Nach Angaben des Gerichts Berlin-Tiergarten, das laut rbb in 66 Fällen bereits Strafen für Straßenblockierer ausgesprochen hat, wurden diese Strafbefehle ohne mündliche Verhandlung erlassen. In 24 Verfahren kommt es aber sogar zum Prozess, weil die Betroffenen mittlerweile Einspruch eingelegt haben.
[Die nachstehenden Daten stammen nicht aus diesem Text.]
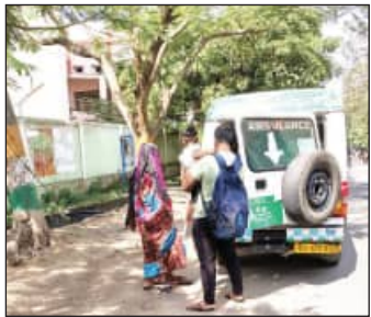
ତଦନ୍ତ ପରେ ନିଆଯିବ କାର୍ଯ୍ୟାନୁଷ୍ଠାନ : ସିଡିଏମ୍
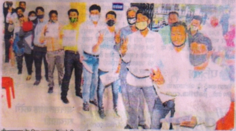
टीकाकरण के लिए कतार में खड़े निगमकर्मि।

यह पहला मौका है जब टीकाकरण को लेकर किसी विभाग के कर्मचारियों में इतना उत्साह नजर आया है जबकि इसके पूर्व से राजस्व, पुलिस और स्वास्थ्य विभाग के अस्पते को टीका लगाए जाने के
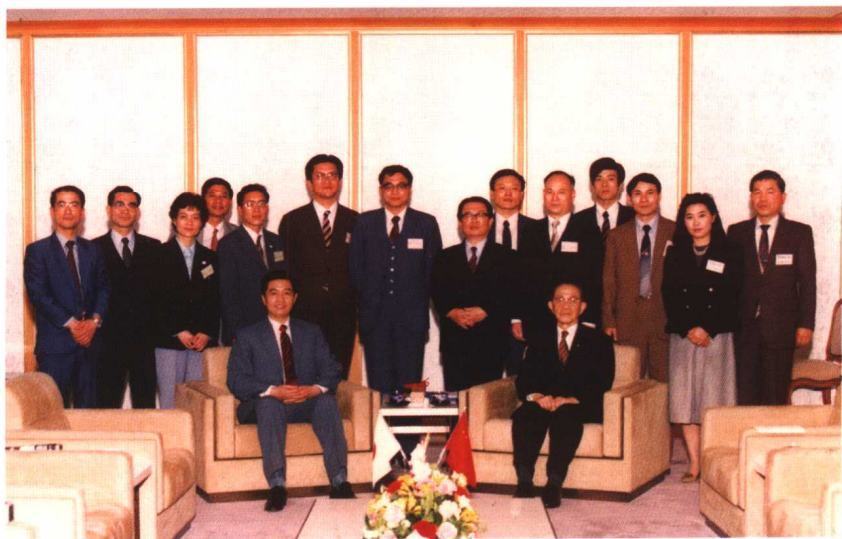
1985年3月8日，福冈县知事在福冈会见胡锦涛，作者陪同翻译。
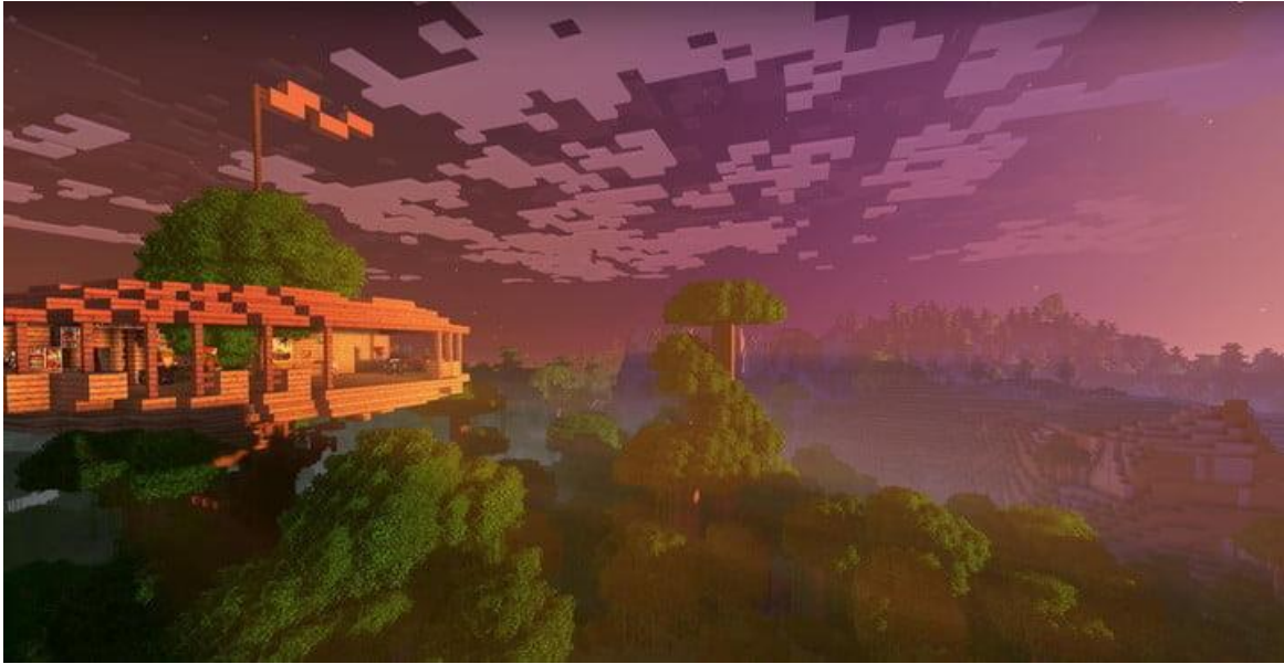
Slika 13. "Open world" prikaz Minecrafta
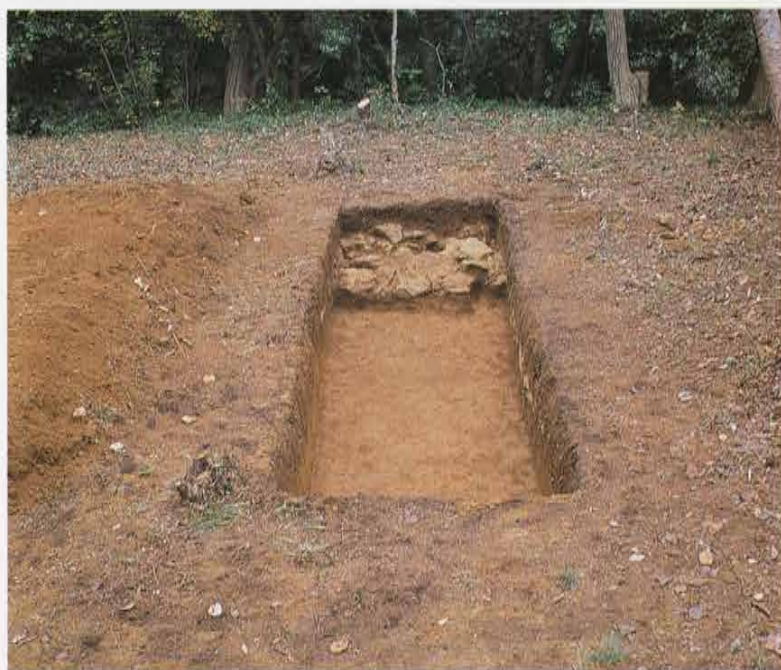
第10号トレンチ 大切通上の平場 The 10th Trench in Hira-ba above Large Kiridoshi

Die Staatsanwaltschaft hatte jeweils beantragt, Geldstrafen auszusprechen – überwiegend wegen Nötigung und Widerstandes gegen Vollstreckungsbeamte.
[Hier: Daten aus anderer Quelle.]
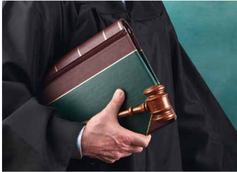
Een rechter die gewoon is een keppeltje of hoofddoek te dragen, moet daarvan afzien als hij/zij een toga draagt

Nog niet zo lang geleden verzette CU-Tweede Kamerlid Gert Jan Segers zich tegen het standpunt van D'66 om de zogenaamde weigerambtenaren 'af te schaffen'. Dat debat was een reflectie van een al jaren durende discussie. De seculiere partijen hebben genoeg van deze gewetensbezwaarden en de christelijke partijen wijzen op tolerantie en gewetensvrijheid boven uniformiteit en gelijkheid.
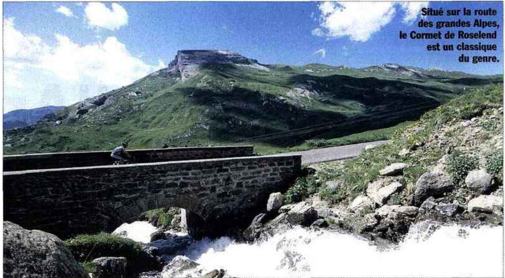
Situé sur la route des grandes Alpes, le Cormet de Roselend est un classique du genre.
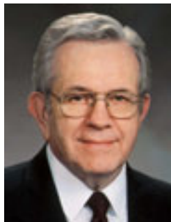
Președintele Boyd K. Packer, președintele Cvorumului celor Doisprezece Apostoli

Rugăciunea mea este ca noi să fim umpluți cu Spiritul Său în timp ce vom asculta și vom învăța. Mă rog ca acest lucru să se întâmple, în numele lui Isus Hristos, Domnul și Salvatorul nostru, amin. ■
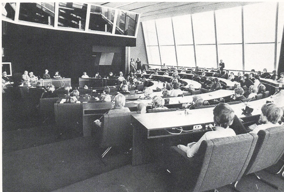
Drengkorets medlemmer i Europarådet i Strasbourg.
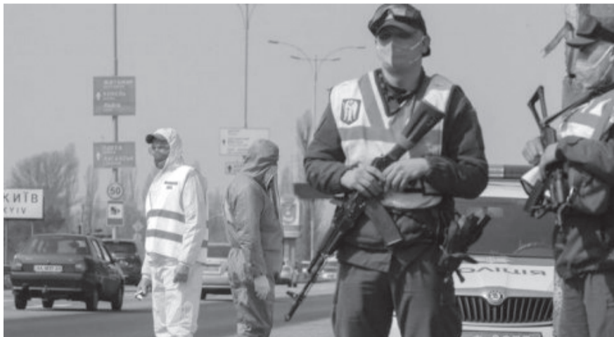
Правоохоронці на Івано-Франківщині стежать за дотриманням карантинних обмежень.

Водночас у МОЗ не виключають затримок із поставками вакцин. Пізніше, ніж очікували, може надійти препарат від китайської компанії Sinovac. Через дефіцит вакцин також переноситься поставка від Pfizer у рамках ініціативи COVAX.
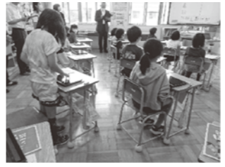
八森小 授業参観 3年生保健の授業
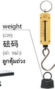
weight (เวท) 砝码 (ผา หม่า) ลูกตุ้มถ่วง spring balance (สปริง แบล' เลินซ) 弹簧秤 (กัน หวง เซ็ง) ตาชั่งสปริง
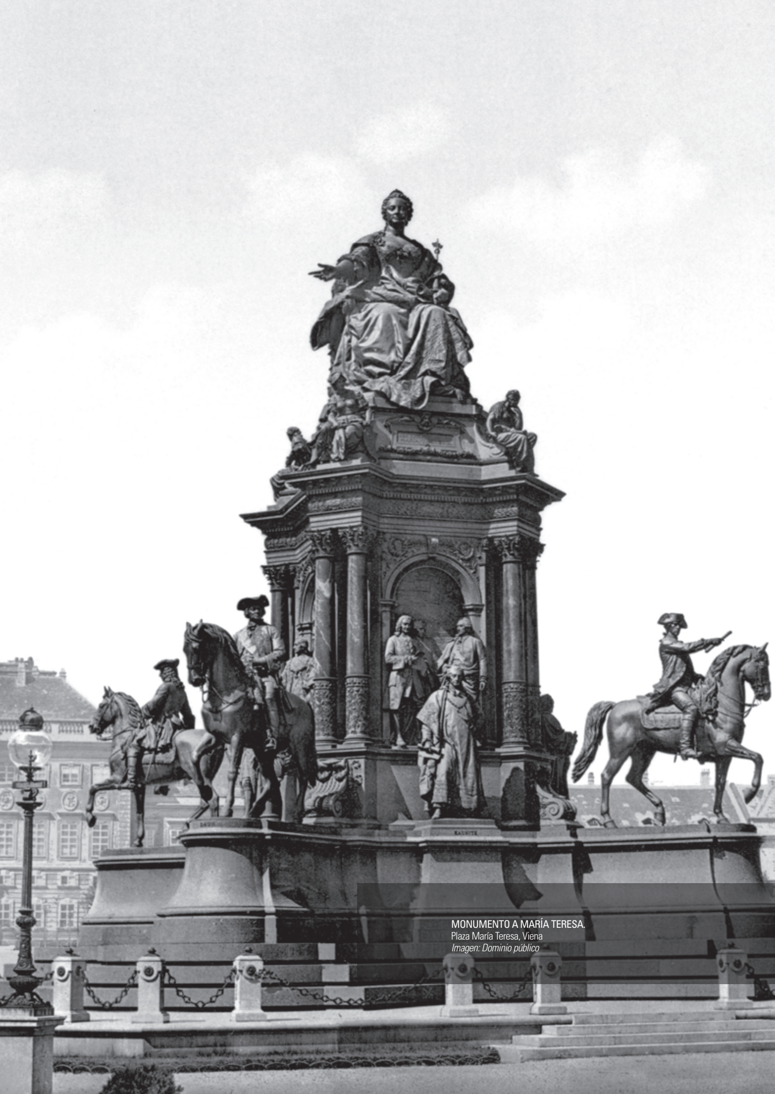
MONUMENTO A MARÍA TERESA. Plaza María Teresa, Viena
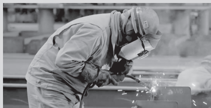
船の部品を組み立てるようす
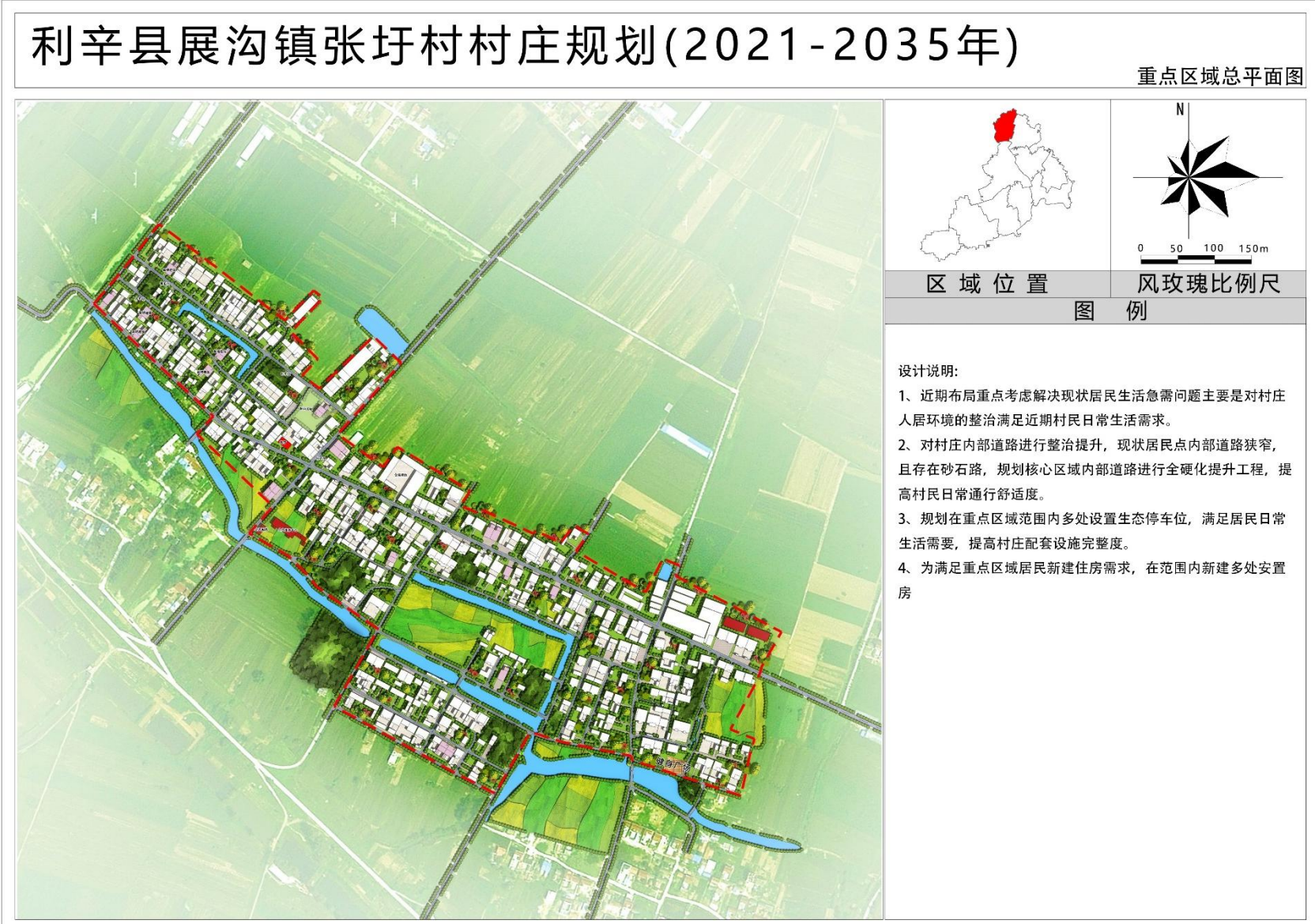
(2) 重点区域总平面图
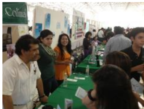
Estudiantes y profesores del IUBA haciendo promoción de las carreras que se ofrecen.
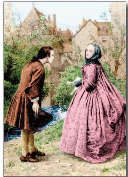
Incontro di Jean-Jacques Rousseau e della sua amica Madame de Warens, 21 marzo 1728.

L'educazione delle donne considerata come un problema non solo pedagogico, ma anche etico, religioso e di costume precede, dunque, di gran lunga, nel tempo, l'affermarsi in termini socialmente significativi della diffusione
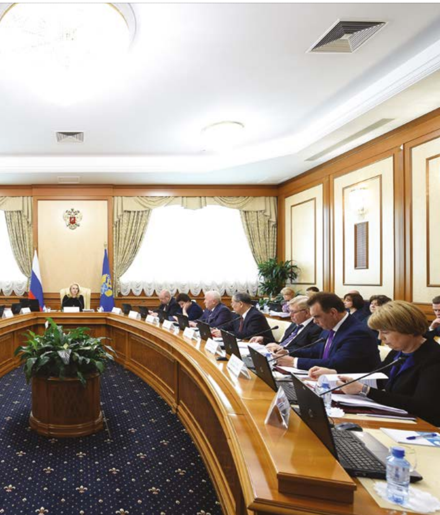
Заседание Коллегии Счетной палаты
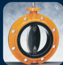
EVMS / EVML

Auch Frankfurt hat Anzeige erstattet, nachdem die Aktivisten sich am Mittwoch in dem Kunstmuseum an ein Gemälde klebten, das nach ihrer Interpretation symbolisch für den zerstörerischen Kurs der aktuell praktizierten Politik stehe. Am Dienstag war es der Rahmen von Raffaels "Sixtinischer Madonna" in der Gemäldegalerie Alte Meister in Dresden, der offenbar doch irgendwie ursächlich mit dem Klimanotstand zusammenhängen soll. Kurzzeitig hing er jedenfalls mit jeweils einer Hand von zwei Aktivisten zusammen. Auch in dem Fall traf es nicht die Verursacher sondern Kunstinteressierte, die wegen der zeitweisen Schließung des Museums umkehren mussten. Auch dort laufen nun die Ermittlungen.

Zwar erhält laut einem Bericht von Spiegel Online die Gruppierung auch von unerwarteter Seite teils Zuspruch, jedoch gibt es auch Kritik von anderen, die ebenfalls für mehr Klima- und Umweltschutz eintreten. Und in Zeitungen häufen sich die Kommentare, in denen vor allem die Selbstgerechtigkeit der Beteiligten kritisiert wird.
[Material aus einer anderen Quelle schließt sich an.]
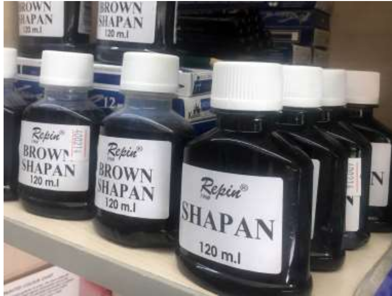
شاپان- آستری‌های رایج برای رنگ کاری چوب

در مراحل رنگ کاری چوب و سازه های چوبی، مرحله ای وجود دارد که قبل از اجرای رنگ اصلی، روی چوب آستر می زنند. آسترهای موجود در بازار به دو نوع آسترهای روغنی و آسترهای حلال در آب تقسیم بندی می شوند. استفاده از آسترهای حلال در آب کمتر رایج است؛ چون زمان بیشتری برای خشک شدن لازم دارند و اکثر رنگ کارها ترجیح می دهند که از آسترهای روغنی استفاده کنند. یکی از معروف ترین و پر کاربردترین آسترها برای رنگ کاری چوب، شاپان است که گاهی به آن شاپون هم گفته می شود. از قدیم برای تغییر رنگ چوب به رنگ های قهوه ای و رنگ های مشابه، از شاپان استفاده می کردند. شاپان در واقع رنگ نیست، ولی اصطلاح "رنگ شاپان" به غلط شایع شده است. جالب است بدانیم که در گذشته از پوست گردو به جای شاپان استفاده می کردند.
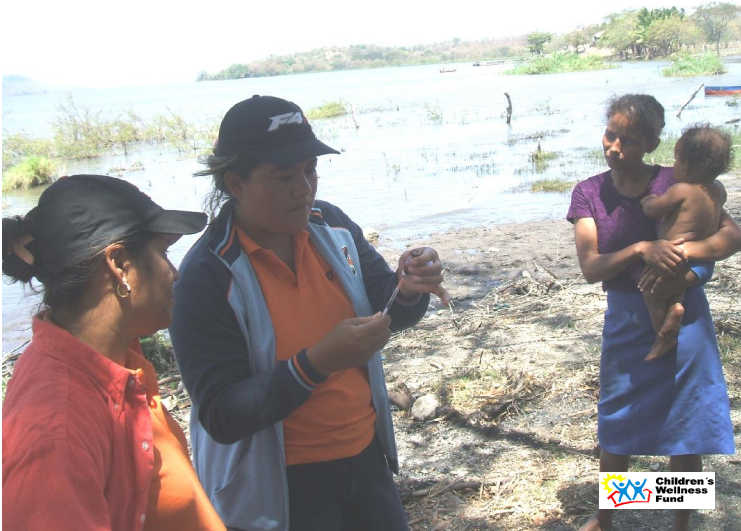
Personal de Salud de CWF, realizando actividades de salud en Santa María. Comunidad de la Isla de Zapatera.

El Personal de Salud de la Isla Zapatera que laboran para la Fundación, Children's Wellness Fund (CWF) , en el mes de Marzo continuaron realizando las actividades de promoción, atención médica en los tres sectores de la Isla: Terrón Colorado Santa María Guinea y Caña, preservando en este periodo la salud de la Población en general y Principalmente de la Niñez Adolescentes y Mujeres.
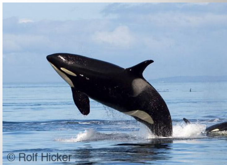
Зубатый кит касатка
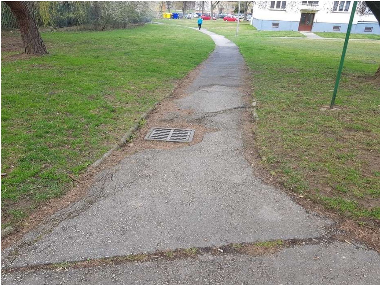
(obrázek č.3 – Majakovského kanál č.2)
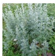
ワームウッドエキス※3
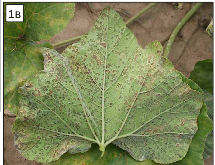
FIGURA 1. LOS SÍNTOMAS DEL MILDIÚ VELLOSO DE LAS CUCURBITÁCEAS COMIENZAN COMO MANCHAS AMARILLAS PÁLIDAS A BRILLANTES QUE VAN ADQUIRIENDO UNA FORMA IRREGULAR O “EN BLOQUE” (A). LAS MANCHAS SE DISPERSAN A TRAVÉS DE LA PLANTA Y SE CONVIERTEN EN LESIONES NECRÓTICAS (B).
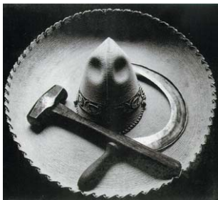
Mexikansk sombrero, hammaren och skäran 1927.
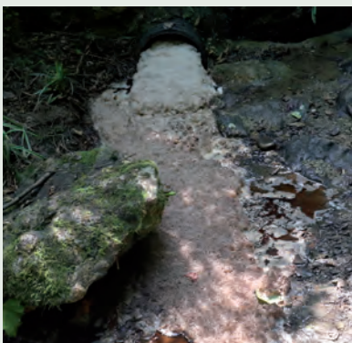
ARKAITZERREKA. IRUDIA, AIURRI

horiek oinarri hartuta, eta ikusita Zubietakoak 2,00 pg-EQT-ko kopurua azaleratu duela, Mugimenduko kideek gaineratu dute “horrelako emaitzak izatea oso kezagarria dela”.
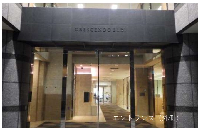
エントランス（外側）
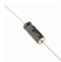
157TTA100M Illinois Capacitor CAP ALUM 150UF 20% 100V AXIAL
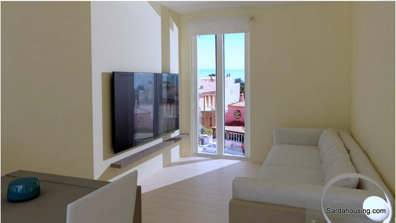
11 - Cala Gonone – Dorgali – Appartamenti Vasco
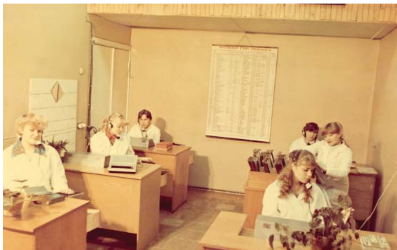
Фото 2 – Специалисты автоматизированного справочного бюро справки 0-69 за работой (г. Минск, 1982 г.)

So schrieb die Nürnberger Zeitung in der vergangenen Woche:

"Dass man mit solchen Aktionen, wie gestern in Nürnberg, Menschen im übertragenen Sinne in Geiselhaft nimmt, wird billigend in Kauf genommen, schließlich wird das eigene Handeln als übergeordnet wichtig wahrgenommen."

Im Juli hieß es in der Zeitung Rheinpfalz mit Verweis auf hierzulande zahlreiche legale Formen des Protestes:

"Doch der Protest kippt in Selbstjustiz, wenn rechtswidrige Mittel angewendet werden. Wenn die 'Letzte Generation' die Bürger von ihren Anliegen überzeugen will, verspielt sie mit solchen Nötigungen jede Chance auf Verständigung."

Mit Ausblick auf die von der Gruppe angekündigte Sommerpause hieß es dort:
"Vielleicht nutzen ja einige die Sommerpause, um über ihre anmaßende Haltung nachzudenken."

Das erklärte Ziel der Aktivisten ist es jedoch, durch Mittel des zivilen Ungehorsams Maßnahmen der deutschen und der österreichischen Bundesregierung gegen die Klimakrise zu erzwingen. Dagegen forderte der CDU-Generalsekretär Mario Czaja bereits im Juli in der Welt am Sonntag ein vorbeugendes Durchgreifen gegen die Demonstranten. "Genau wie Hooligans sollten auch Blockierer schon vor angekündigten Aktionen konsequent und so lange wie möglich präventiv in Gewahrsam genommen werden."